According to https://www.oxygenxml.com/doc/versions/ ... nager.html I should be able to remove "-Djava.security.manager" (for Windows) but it is not there.

I also tried to modify the policy-files:
  • oXygen XML Web Author\jre\lib\security\java.policy
  • oXygen XML Web Author\jre\lib\security\javaws.policy
  • oXygen XML Web Author\tomcat\conf\catalina.policy
It had no effect even when I changed the content to

Code: Select all

grant {
  permission java.security.AllPermission;
};
What do I have to do to I grant permission to the java standard class to load its configuration?

Thanks and regards,
Patrik

cristi_talau
Posts: 341
Joined: Thu Sep 04, 2014 4:22 pm

Re: Problem with SecurityManager

Post by cristi_talau » Mon Dec 14, 2020 3:28 pm

Hello,

We tested the Windows installer and the security manager system property is present by default in the service configuration dialog.

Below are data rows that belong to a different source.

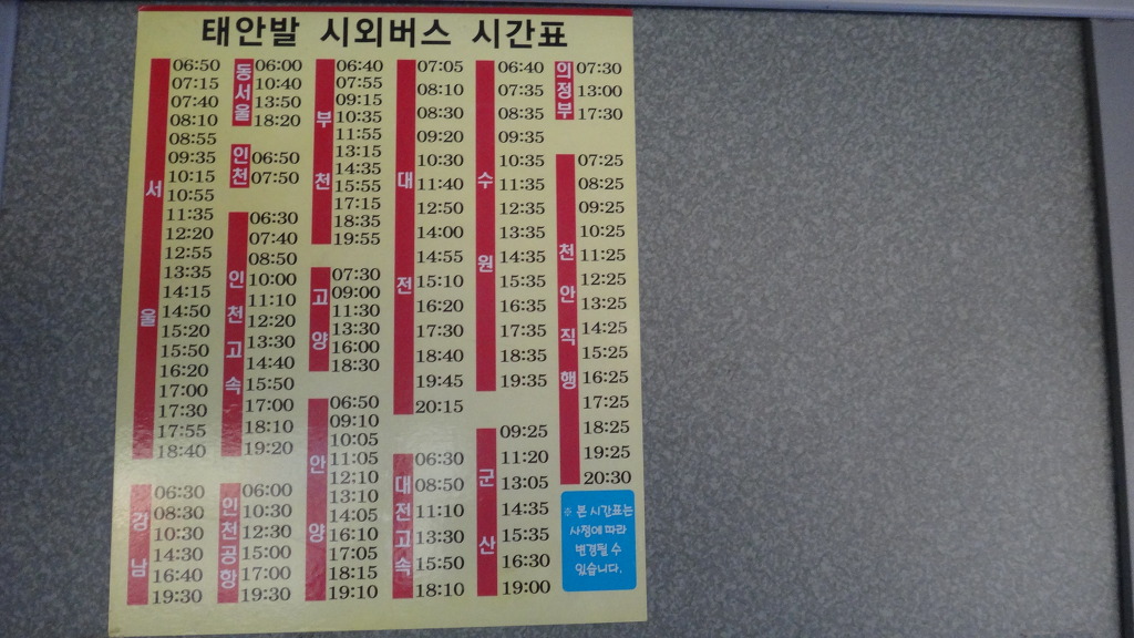산행후에 태안에서 서울로 올라갈 버스시간표를 확인하고...
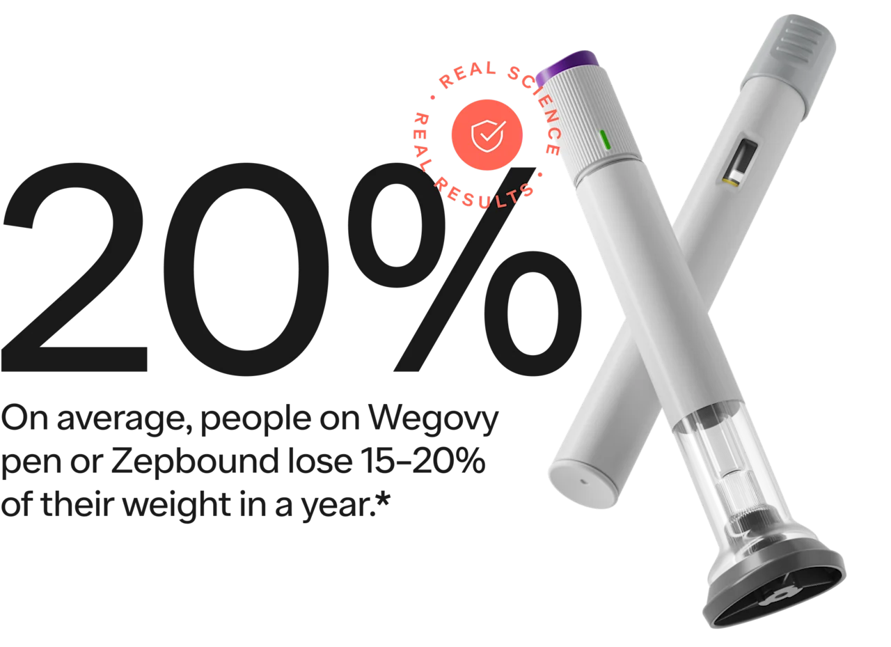 *In separate 68- and 72-week clinical trials studying Wegovy (2.4 mg) and Zepbound (15 mg) in patients without diabetes and with obesity, or overweight with a weight-related condition, the average weight loss was 15% and 20%, when paired with diet and exercise changes (compared to 2.4% and 3.1%, respectively, with diet and exercise alone).
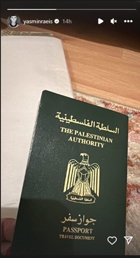 ياسمين رئيس تكشف عن جواز سفرها الفلسطيني
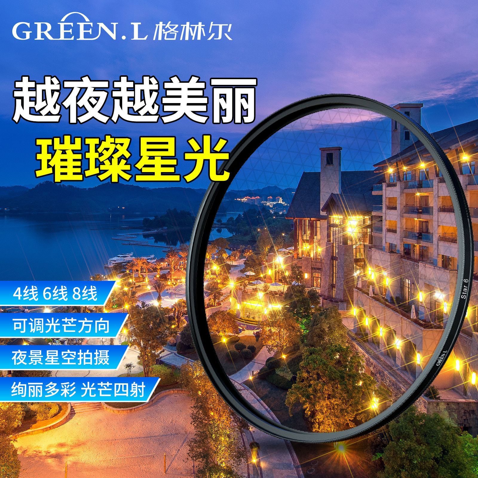 グリーンルラ糸星明かり星芒鏡4線/全線夜景カメラフィルター一眼レフマイクロ単レンズフィルター
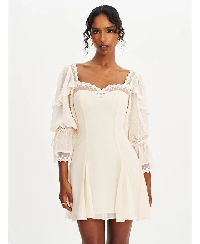 Miss Circle Women's Sacha White Lace Drop Waist Corset Puffy Mini Dress
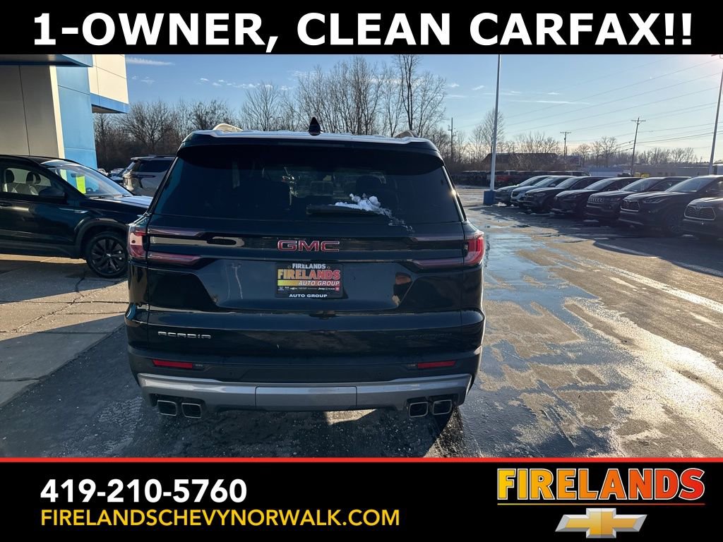 2025 GMC Acadia Elevation. Car Bravo Certified, 1-Owner, Great Price, Clean CarFax, Like New, Heated Seats, Remote Start, Navigation System, CarPlay, Android Auto, Bluetooth, Backup Camera, Parking Sensors, Steering Wheel Controls, Cruise Control, Multi Zone Climate Control, Keyless Start, Keyless Entry, Power Lift Gate, Premium Audio, Satellite Radio, Third Row Seats, Premium / Alloy Wheels, Acadia Elevation, 4D Sport Utility, 2.5L DOHC, FWD, Ebony Twilight Metallic, After Dark Cloth, Navigation System, Preferred Equipment Group 4SC. Clean CARFAX. CARFAX One-Owner. FWD 2.5L DOHC 8-Speed Automatic. 20/27 City/Highway MPG. Welcome to the Firelands Family! We understand that you don’t want to come to a dealership and play games for hours. That’s why we focus on a few key principles: Be Really Fast Be Really Friendly, Be Really Fun, Be Really Honest. The price you see is the price you pay; plain and simple! We price our cars NOT our customers and hope that you have fun when you are here. We will never advertise misleading or confusing payments that’s not our style. Rather, we hope to give you the best retail experience possible; after all: we live off repeat and referral business. Our Vehicle Specialists are NOT paid on the profit (or loss) of a vehicle. You have direct access to our Sales and Finance Managers cell phone numbers. We can’t wait to put our best foot forward and have you leave smiling for years to come!
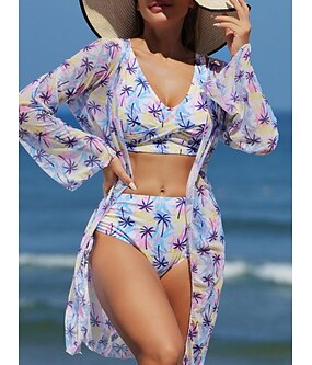 Costume da bagno bikini tre pezzi da donna Palma Cheeky Slim Senza schienale Abbigliamento da spiaggia in vacanza Floreale Collo a V Senza maniche
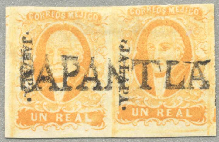 1856, first Hidalgo issue, 1 r, yellow, pair, with JALAPA district opt, with a clear strike of PAPANTLA (Schatzkes 623), very fresh and desirable, XF! Schätzpreis 200€.
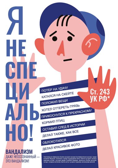 До сих пор некоторые гиды предлагают потереть какое-нибудь место петербургским памятникам, чтобы, например, наладилась личная жизнь. Почему-то я всегда знала, что счастливее от этого я не стану, а травму памятнику нанесу. А потом реставраторам придётся долго и кропотливо лечить скульптуру. Персонажем моего плаката стал ребёнок. Дети, наверное, наносят наибольший вред памятникам. И происходит это с подачи взрослых. Это они предлагают то присесть на бронзовую спину верблюда, то подержать императора за руку. Я решила ещё раз всем напомнить, как не стоит поступать.
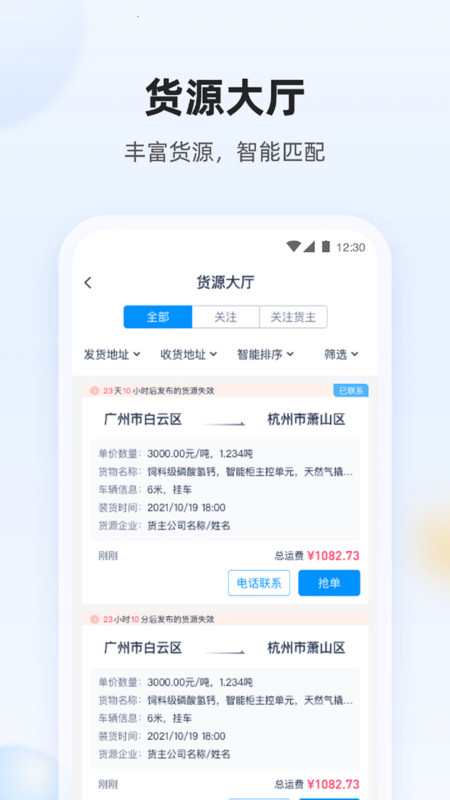 3、在首页选择"货源大厅",查看智能匹配的货源信息。

The SecurityManager is configured in a file called tomcat/conf/catalina.policy.

As you can see in this file, the code from the framework has all the security permissions. However, the Java SecurityManager checks all the code that is on the stack to have the required permissions. If you invoke other libraries, they should also have these permissions.

One approach that might help is to use AccessController.doPrivileged() to execute the code with the permissions of the framework's code (i.e. all permissions).

To find exactly what piece of code lacks the required permission, you can turn on the -Djava.security.debug=access,failure flag and look in the standard error of Web Author. When using the Windows Installer this log is found in tomcat/logs/oxygen xml web author-stderr.<date>.log.

Best,
Cristian

Patrik
Posts: 280
Joined: Thu Nov 28, 2013 9:32 am
Location: Hamburg/Germany
Contact:

Re: Problem with SecurityManager

Post by Patrik » Tue Dec 15, 2020 2:40 pm

Hi again,

I don't know why the option wasn't initially present fo rme - but it actually doesn't matter.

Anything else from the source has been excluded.